In order to further improve the accuracy, data enhancement operation needs to be performed on the target area image, and the data enhancement mode comprises random rotation of the image, horizontal turning and brightness change. In addition, during model training, imbalance of samples of Drusen (Drusen), CNV (choroidal neo vascular), DME (diabetic macular edema) and Normal (normalcy) causes the model prediction to be biased to the most abundant type, and further influences the model effect, so that data equalization is performed on the basis of data enhancement in the application, and the number of the pictures of each type is guaranteed to be the same.

In an embodiment, the target area image after data enhancement and data equalization may be further normalized, and the normalization method may be mean variance normalization.

Step 404: and establishing a plurality of volume blocks and extracting different scale features.

In this step, the convolution block is used to perform convolution operation on the images in the preprocessed image set, and feature vectors are extracted. The sizes of the feature maps output by the adjacent convolution blocks are sequentially halved, and the number of channels of the feature maps is sequentially doubled.

In an embodiment, the convolution block performs convolution operations with different convolution kernel sizes, and extracts scale features of different sizes at the current granularity.

In this step, convolution kernels of different sizes are used in the convolution block to perform convolution operation, so as to extract features of different scales at the current granularity. The feature graphs output by convolution operations with different convolution kernel sizes are merged and added, and the number of channels for describing features of input convolution blocks and semantic information rich in a single channel are increased. In an embodiment, different sizes of convolution kernels are used to extract different scale features, so it is more important to highlight that convolution is performed by using convolution kernels of different sizes, and the most direct method is to set the convolution step size to be 2 if the feature graph output by convolution is halved.

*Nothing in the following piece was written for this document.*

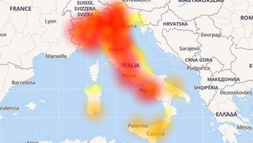 La situazione è confermata dal popolare servizio Down Detector con il rosso che indica le zone con più segnalazioni ricevute sin dalle ore 13.

The method specifically comprises the following steps: firstly, convolution operations are carried out on a convolution kernel 1, a convolution kernel 2 and a convolution kernel 3 with convolution kernel sizes of 3x3, 5x5 and 1x1 respectively, the convolution operations are marked as convolution operation 1, convolution operation 2 and convolution operation 3, then features output by the convolution operations 1 and 2 are combined to obtain a feature map 1, then the feature maps 2 output by the feature map 1 and the convolution operation 3 are adjusted to feature maps 3 and 4 with the same number of channels through convolution of 1x1 respectively, and finally the feature maps 3 and 4 are subjected to a summing operation, and the generated feature maps serve as the output of a convolution block.

Step 405: and merging the channels of the feature maps extracted from the volume blocks.

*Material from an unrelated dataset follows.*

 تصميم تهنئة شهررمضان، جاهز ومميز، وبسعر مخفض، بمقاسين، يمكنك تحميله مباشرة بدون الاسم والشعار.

In an embodiment, the number of the convolution blocks in the above step may be 4, and the convolution blocks are respectively a first convolution block, a second convolution block, a third convolution block, and a fourth convolution block, where the four convolution blocks have the same structure, and each convolution block adopts convolution kernels with different sizes to perform convolution on input features, extract features of different scales at the current granularity, perform BN and ReLu calculations after each convolution, and perform channel merging on the extracted features. The size of the feature map output by the 4 convolution blocks is reduced by half step by step, and the number of channels of the feature map is increased by multiple times.

In an embodiment, the way of channel merging may be that the feature results of two adjacent convolution blocks are channel merged, for example, after the feature result of a first convolution block is twice down sampled, the first merging result is channel merged with the feature result of a second convolution block to generate a first merging result, after the first merging result is 2 times down sampled, the first merging result is merged with the feature result of a 3 rd convolution block to generate a second merging result, after the second merging result is 2 times down sampled, the second merging result is merged with a 4 th convolution block to generate a final merging result, at this time, each feature image already contains features at each scale and each granularity, and the final merging result is passed through one layer of convolution layer, BN, and Relu to generate a final feature map.

In an embodiment, if the size of the feature map is reduced by half step by step, the output of the first convolution block needs to be downsampled by 8 times, the output of the second convolution block needs to be downsampled by 4 times, and the output of the third convolution block needs to be downsampled by 2 times to be channel-merged with the feature map of the 4 th convolution block.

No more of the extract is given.